- [Work request]: Give the whole listing below once more, exactly, without pictures.

-- -- --

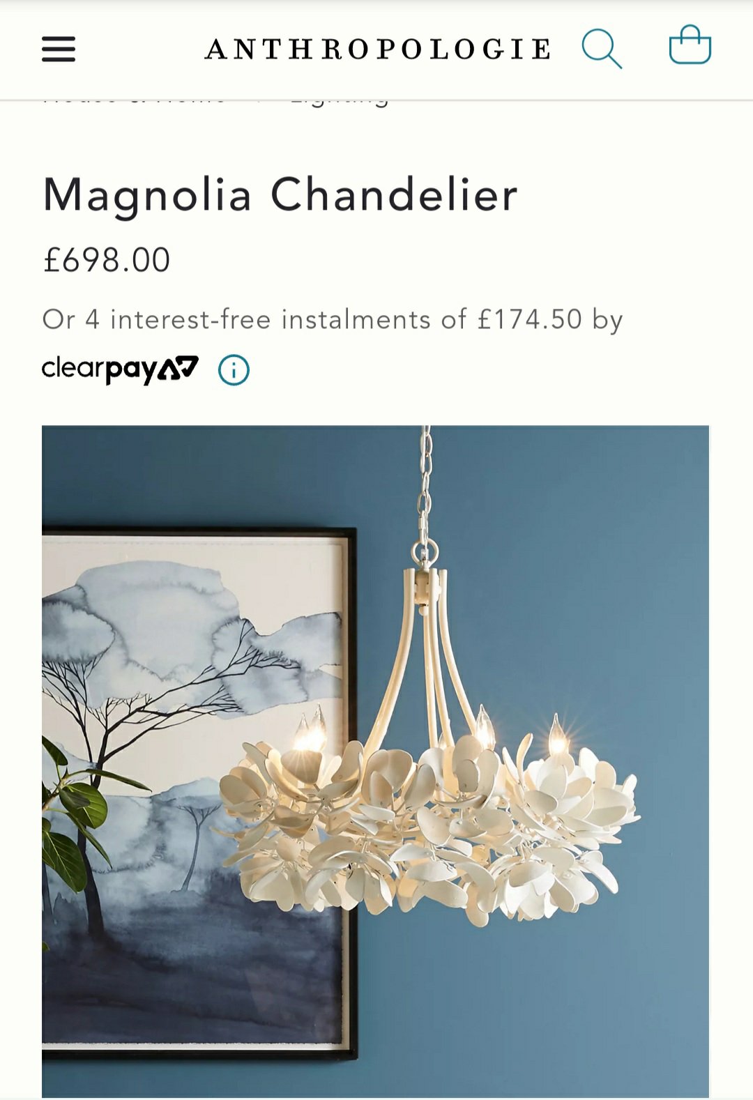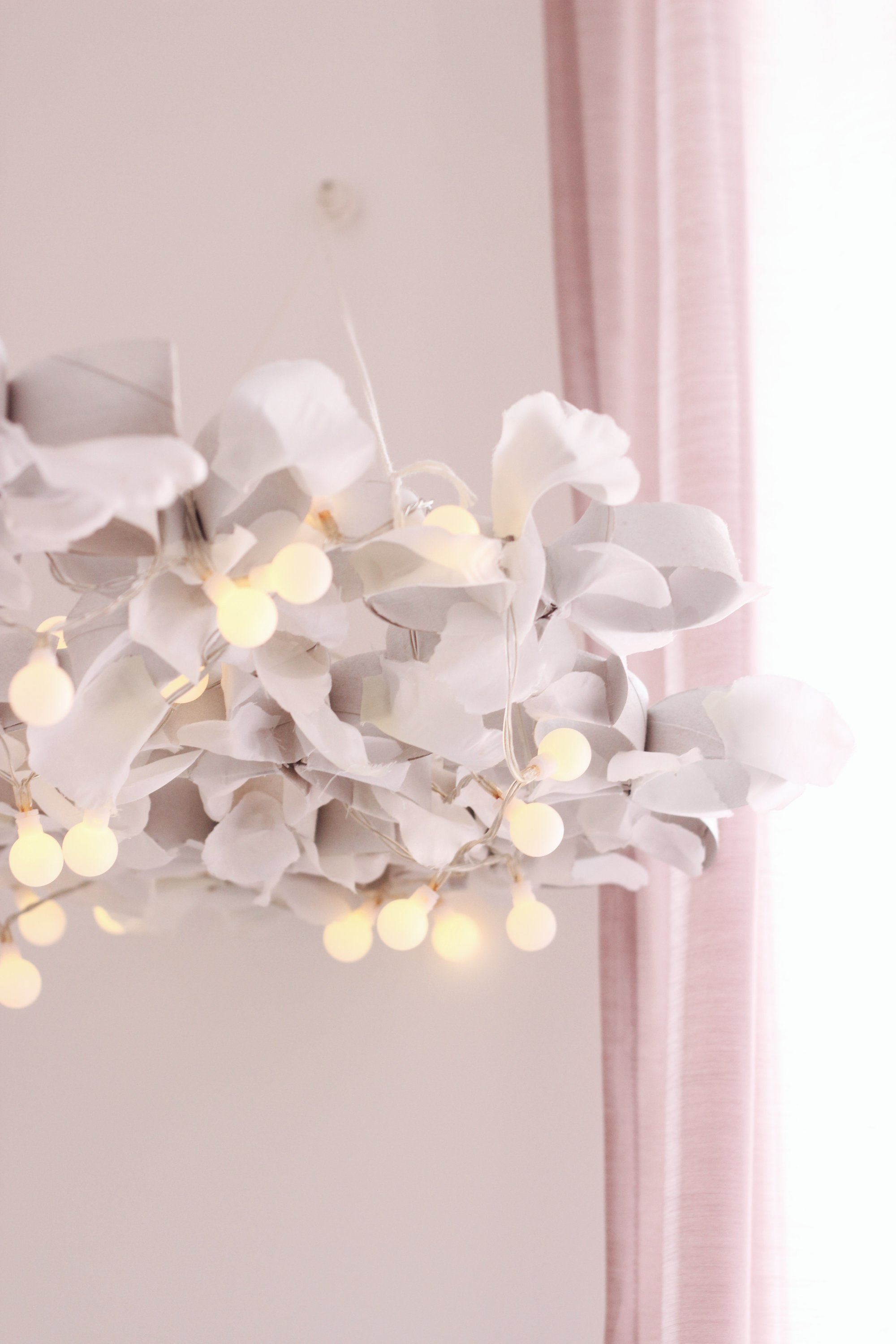 I’ve been having a lot of fun lately re-creating my own versions of expensive high end pieces. I will be posting them over the coming weeks. Let’s start with this flower cloud chandelier I found on Anthropologie.com, a beautiful statement piece that I thought would be a great addition to my daughter’s bedroom. It’s such a dreamy look. I just had to create my own.
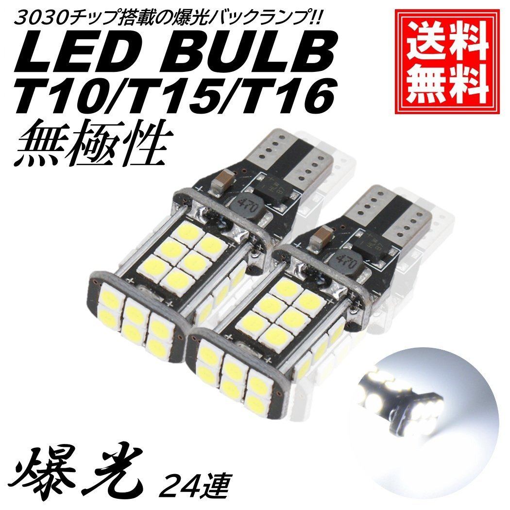 > 爆光 T10/T15/T16 爆光 LED 24連 バックランプ球 後退灯 ポジション球 DC12V LEDバルブ 無極性 ホワイト
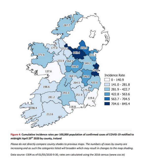 Wexford, which previously had the lowest rate, now has 119.6 cases per 100,000.
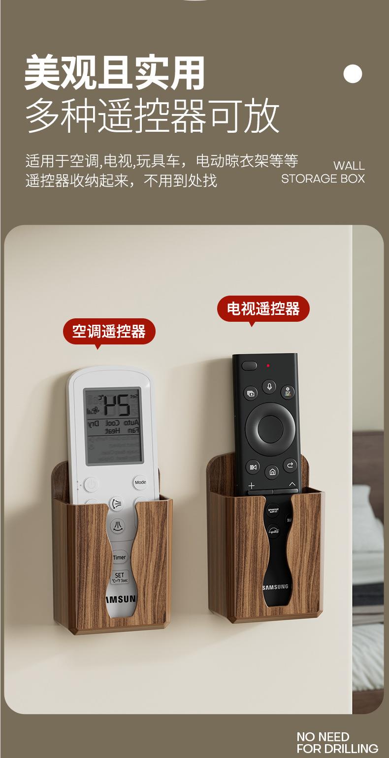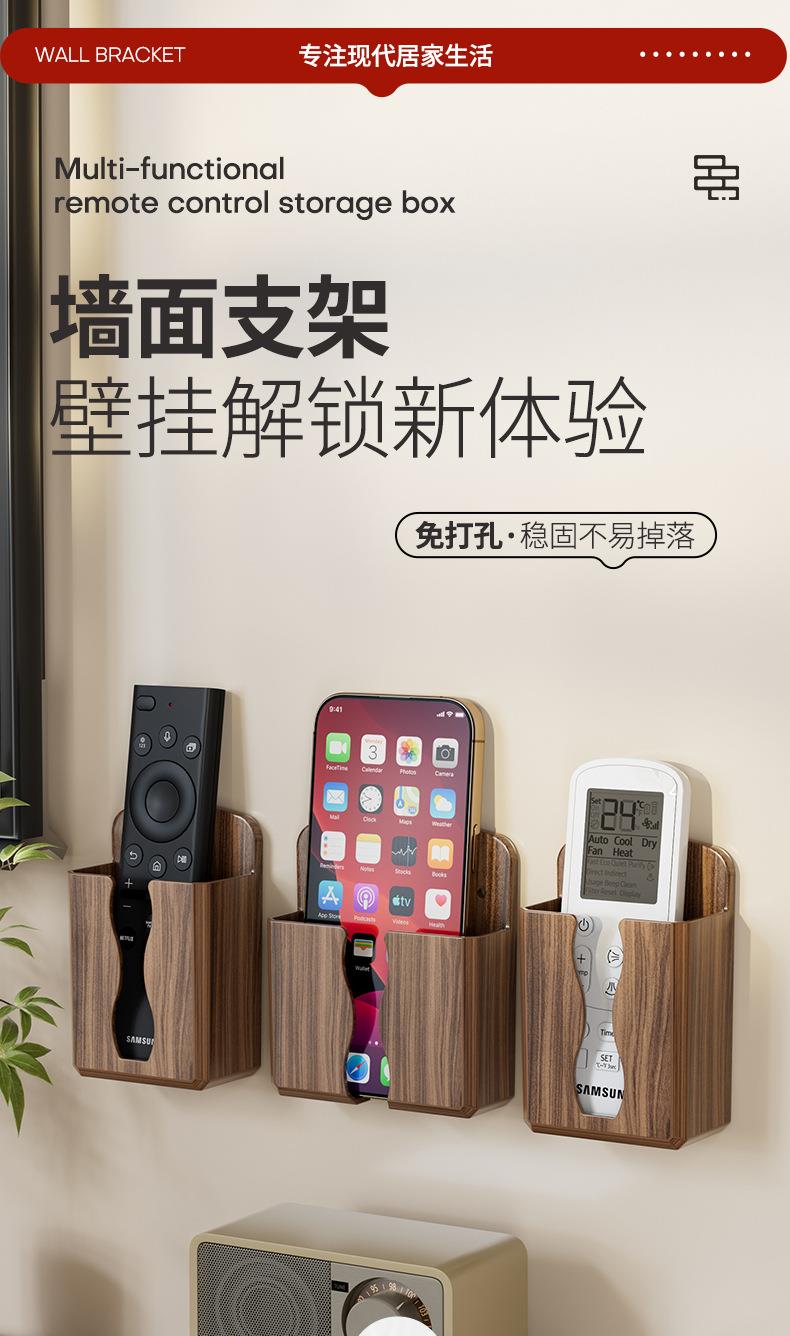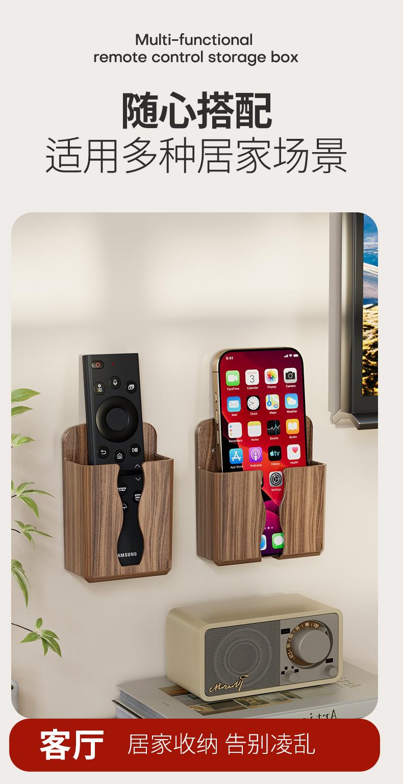 免打孔壁挂式手机遥控收纳架美观实用贴心充电口桃木纹收纳架
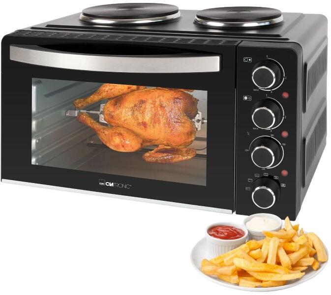 Clatronic KK 3786 Miniküche, 3100 W, 28 L, 2 Kochplatten, mit Backofen, Drehspieß, schwarz (263984)
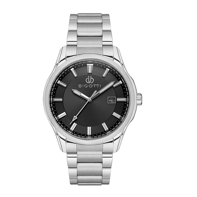 Мъжки часовник Bigotti с класически дизайн. Моделът е с метален корпус и верижка от неръждаема стомана. Аналогов дисплей със стилен дизайн и показател за дата. Стъкло минерал-кристал. Задвижва се от кварцов механизъм. Водоустойчивост 5 ATM - допускат се леки пръски и взимане на душ, не се препоръчва обилно мокрене.
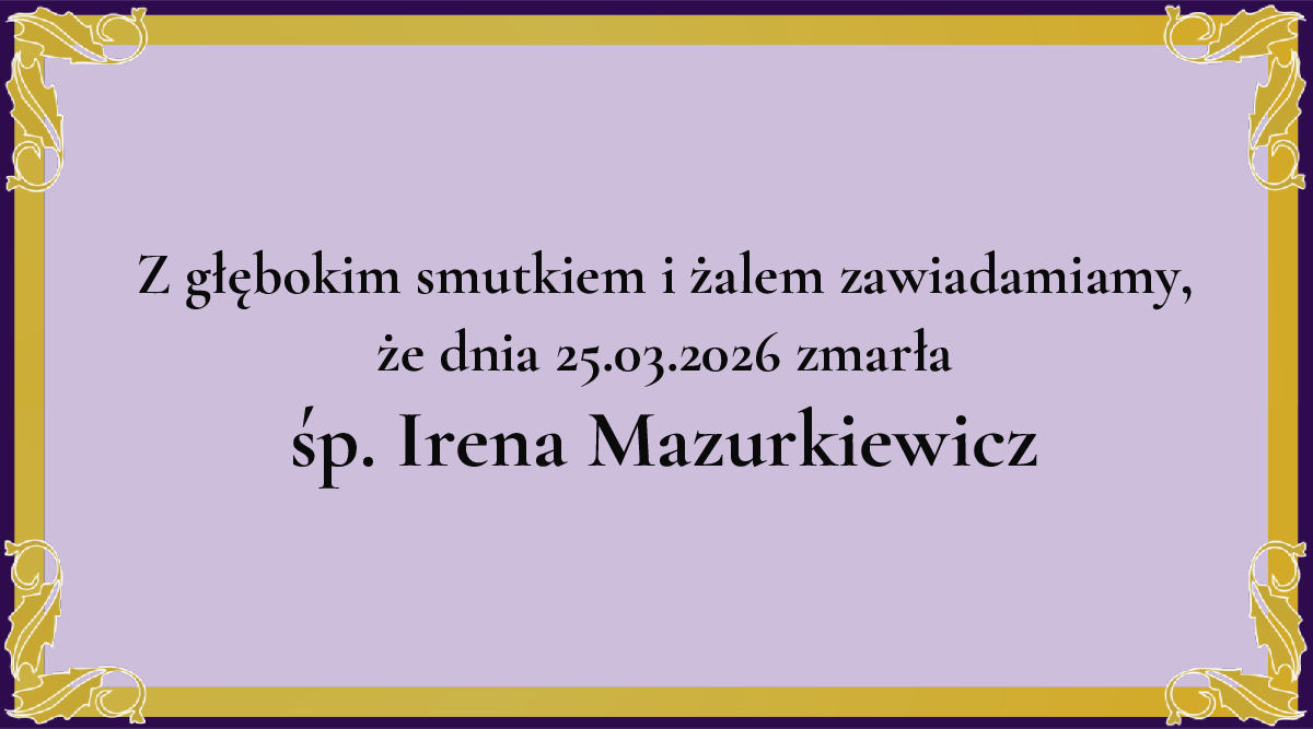 Z głębokim żalem zawiadamiamy, że dnia 25.03.2026 zmarła

-- -- --

- [Output for this task]:
 I’ve been having a lot of fun lately re-creating my own versions of expensive high end pieces. I will be posting them over the coming weeks. Let’s start with this flower cloud chandelier I found on Anthropologie.com, a beautiful statement piece that I thought would be a great addition to my daughter’s bedroom. It’s such a dreamy look. I just had to create my own.
 > 爆光 T10/T15/T16 爆光 LED 24連 バックランプ球 後退灯 ポジション球 DC12V LEDバルブ 無極性 ホワイト
 Wexford, which previously had the lowest rate, now has 119.6 cases per 100,000.
 免打孔壁挂式手机遥控收纳架美观实用贴心充电口桃木纹收纳架
 Clatronic KK 3786 Miniküche, 3100 W, 28 L, 2 Kochplatten, mit Backofen, Drehspieß, schwarz (263984)
 Мъжки часовник Bigotti с класически дизайн. Моделът е с метален корпус и верижка от неръждаема стомана. Аналогов дисплей със стилен дизайн и показател за дата. Стъкло минерал-кристал. Задвижва се от кварцов механизъм. Водоустойчивост 5 ATM - допускат се леки пръски и взимане на душ, не се препоръчва обилно мокрене.
 Z głębokim żalem zawiadamiamy, że dnia 25.03.2026 zmarła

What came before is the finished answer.